Wow. Just....... Wow. This was perhaps the best book I've read in YEARS. I am currently a STEM student about to enter grad school, and I swear, this is EXACTLY the book I needed to read at this point in my life. If my loved ones wish to understand me, they only need to read the annotations in my copy of Lab Girl.

Jahren writes with sublime devotion to the natural world that she and I both love. Her way of seeing the world... Her scientific mindset that, despite all sense of self-preservation, she can never turn off... Her stories of struggle and stress and the endless clawing fight to the top of the pile... And the love, the pure undiluted passion for her craft. Every word of this book resonated with me to my core. 
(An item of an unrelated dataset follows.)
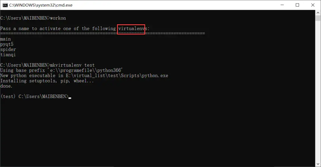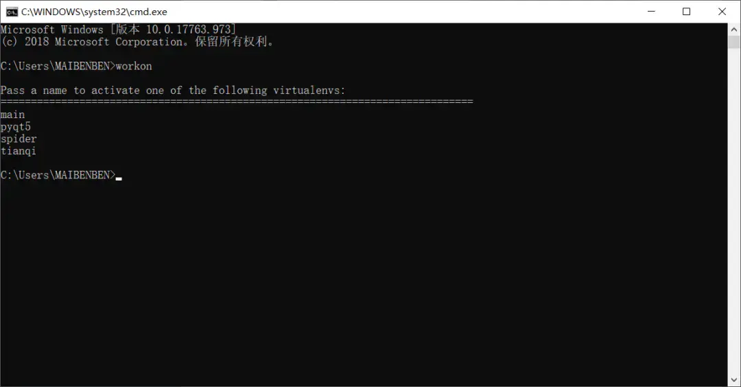 这不,不管在哪,只要执行workon,就可以列出所有的虚拟环境。

Over and over I found myself moved to tears because the challenges she faced were the same ones I'm facing every day as an incoming graduate student. Her words scared me, and comforted me, and showed me exactly the kind of scientist I want to be one day. I am comforted by the fact that she has "made it" through this line of work alive, despite all the hardships she's faced. Reading this book has assured me that there is a future for me in my field. I cannot express how much this book has moved me. 

As soon as I finished it, I wanted to start over again right back at the beginning. I wish I could sit down with Jahren and listen to a thousand more stories from her career as a scientist. I wish I could work in her lab for a day; heck, I wish I could meet the ever-eccentric Bill! I could read hours upon hours of her exploits and scientific pursuits. Jahren illustrates the world of science so vividly, so affectionately, that her love is infectious. Wherever they are (probably in the Jahren lab), I hope she and Bill doing well.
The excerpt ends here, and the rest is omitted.